W odpowiedzi pocałował mnie szybko w usta i tyle go widziałem, bo
wleciał wgłąb sklepu szybciej niż Baek na koncert Britney Spears. Przez to
wszystko nawet nie zorientowałem się, że przyglądała nam się młoda brunetka,
zapewne pracownica sklepu. Uśmiechnęła się do mnie ciepło.
— Kochanego ma pan męża.
Odwzajemniłem uśmiech i wcale jej nie poprawiłem.

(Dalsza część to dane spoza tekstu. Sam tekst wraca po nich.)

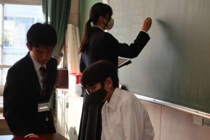 大きな行事を終え、「学級を振り返り、集団の質を高めよう」をテーマに、クラスのレベルアップに向けて仲間と意見交換を行っていました。
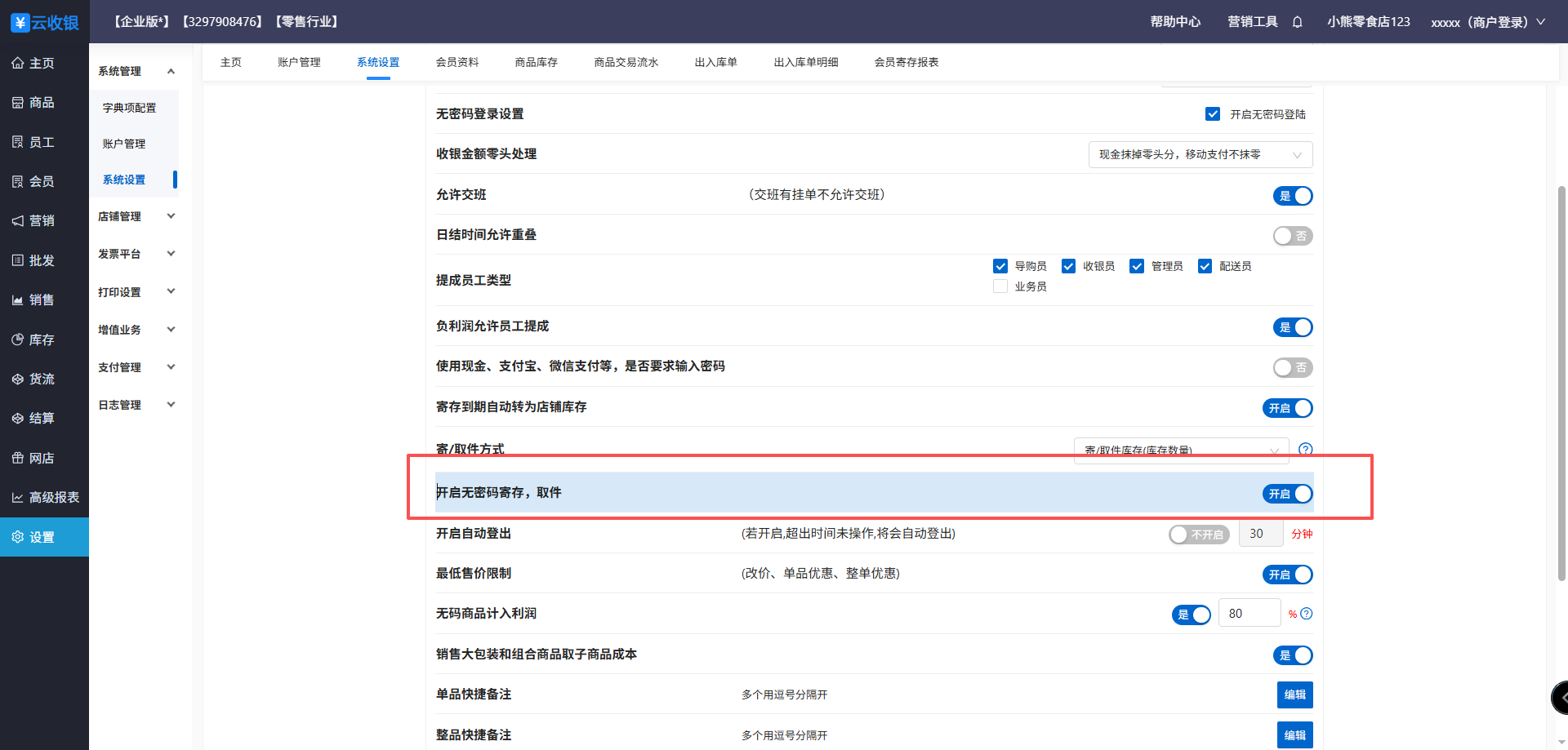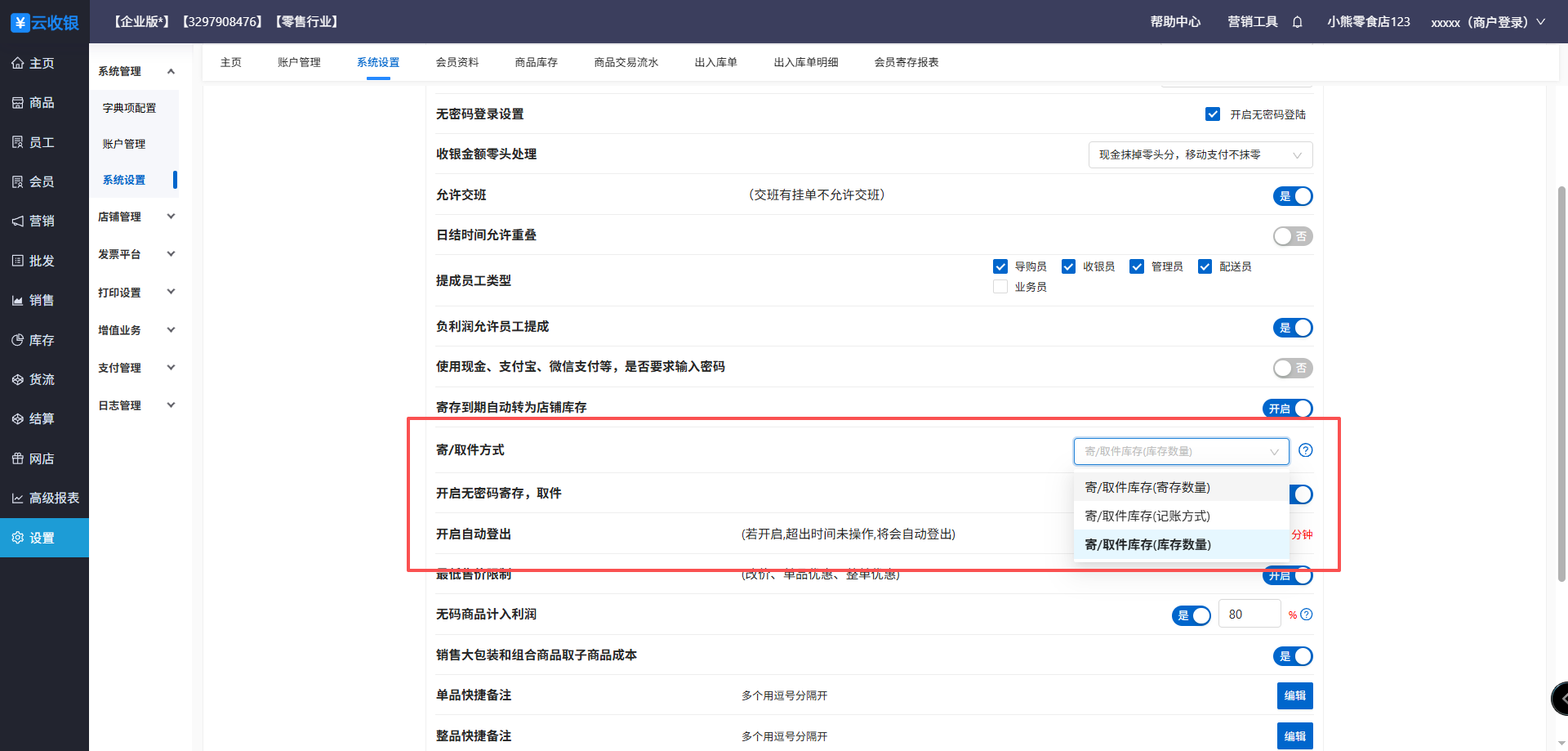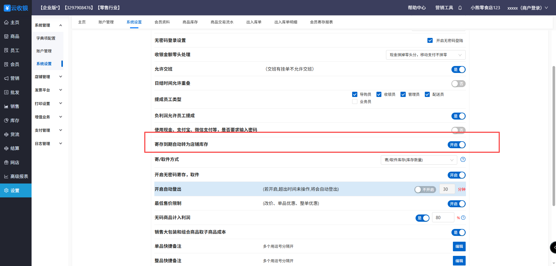 5、寄存到期自动转为店铺库存设置,在前台寄存时设置到期时间

— Czasem głupiego jak typowa blondyna, ale tak. Jest najlepszy na
świecie.
***
— To bez sensu — mruknąłem, wkładając do buzi kolejną pokrojoną
marchewkę. — Jiseok za nic w świecie nie daje się nosić na rękach obcym
ludziom, a do ciebie klei się jak jakiś rzep —stwierdziłem, a Kyungsoo
zaśmiał się, delikatnie potrząsając rękami, by uśpić mojego synka.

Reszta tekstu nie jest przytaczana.